Genotypic and Phenotypic Resistance Assays

Genotypic and phenotypic resistance assays are used to assess viral strains and inform selection of treatment strategies. Standard assays provide information on resistance to nucleoside reverse transcriptase inhibitors (NRTIs), non-nucleoside reverse transcriptase inhibitors (NNRTIs), and protease inhibitors (PIs). Testing for integrase and fusion inhibitor resistance can also be ordered separately from several commercial laboratories. No genotypic assays for assessing resistance to CCR5 antagonists are currently commercially available for clinical use in the United States. (See Coreceptor Tropism Assays.)

Genotypic Assays

Genotypic assays detect drug-resistance mutations present in relevant viral genes. Most genotypic assays involve sequencing of the RT and PR genes to detect mutations that are known to confer drug resistance. Genotypic assays that assess mutations in the integrase and gp41 (envelope) genes are also commercially available. Genotypic assays can be performed rapidly with results available within 1–2 weeks of sample collection. Interpretation of test results requires knowledge of the mutations that different ARV drugs select for and of the potential for cross resistance to other drugs conferred by certain mutations. The International AIDS Society-USA (IAS-USA) maintains a list of updated significant resistance-associated mutations in the RT, PR, integrase, and envelope genes [1] (see also http://www.iasusa.org/resistance_mutations). The Stanford University HIV Drug Resistance Database (http://hivdb.stanford.edu) also provides helpful guidance for interpreting genotypic resistance test results. Various tools are now available to assist the provider in interpreting genotypic test results [2-5]. Clinical trials have demonstrated the benefit of consultation with specialists in HIV drug resistance in improving virologic outcomes [6]. Clinicians are thus encouraged to consult a specialist to facilitate interpretation of genotypic test results and the design of an optimal new regimen.

Phenotypic Assays

Phenotypic assays measure the ability of a virus to grow in different concentrations of ARV drugs. RT and PR gene sequences and, more recently, integrase and envelope sequences derived from patient plasma HIV RNA are inserted into the backbone of a laboratory clone of HIV or used to generate pseudotyped viruses that express the patient-derived HIV genes of interest. Replication of these viruses at different drug concentrations is monitored by expression of a reporter gene and is compared with replication of a reference HIV strain. The drug concentration that inhibits viral replication by 50% (i.e., the median inhibitory concentration [IC]₅₀) is calculated, and the ratio of the IC₅₀ of test and reference viruses is reported as the fold increase in IC₅₀ (i.e., fold resistance).

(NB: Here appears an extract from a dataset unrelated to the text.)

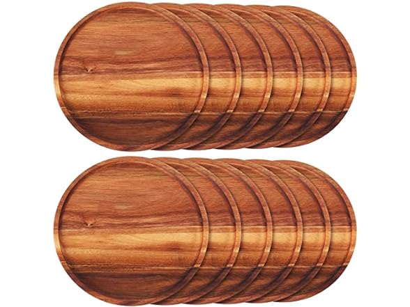- Natural Acacia Wood: made of acacia wood and coming with nice workmanship, these acacia round plates are made from several pieces of wood that are put together to better prevent warping, reliable and safe for food, these plates are ideal for dinner, fruit and cake
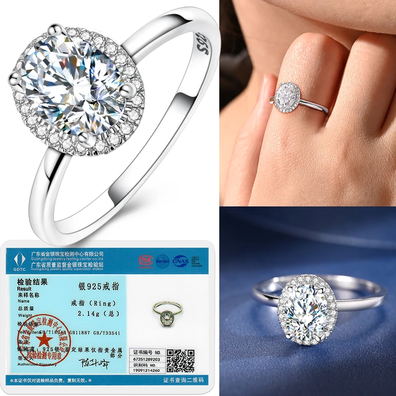 Klassischer Moissanit-Ring aus 925er-Sterlingsilber, 1,5 ct Ellipse, für Damen, brillanter Diam...

Automated phenotypic assays are commercially available with results reported in 2–3 weeks. However, phenotypic assays cost more to perform than genotypic assays. In addition, interpretation of phenotypic assay results is complicated by incomplete information regarding the specific resistance level (i.e., fold increase in IC₅₀) that is associated with drug failure, although clinically significant fold increase cutoffs are now available for some drugs [7-11]. Again, consultation with a specialist can be helpful for interpreting test results.

Further limitations of both genotypic and phenotypic assays include lack of uniform quality assurance for all available assays, relatively high cost, and insensitivity for minor viral species. Despite being present, drug-resistant viruses constituting less than 10%–20% of the circulating virus population will probably not be detected by available assays. This limitation is important because after drugs exerting selective pressure on drug-resistant populations are discontinued, a wild-type virus often re-emerges as the predominant population in the plasma. As a consequence, the proportion of virus with resistance mutations decreases to below the 10%–20% threshold [12-14]. For some drugs, this reversion to predominantly wild-type virus can occur in the first 4–6 weeks after drugs are stopped. Prospective clinical studies have shown that, despite this plasma reversion, reinstitution of the same ARV agents (or those sharing similar resistance pathways) is usually associated with early drug failure, and the virus present at failure is derived from previously archived resistant virus [15]. Therefore, resistance testing is of greatest value when performed before or within 4 weeks after drugs are discontinued (AII). Because detectable resistant virus may persist in the plasma of some patients for longer periods of time, resistance testing beyond 4 to 6 weeks after discontinuation may still reveal mutations. However, the absence of detectable resistance in such patients must be interpreted with caution in designing subsequent ARV regimens.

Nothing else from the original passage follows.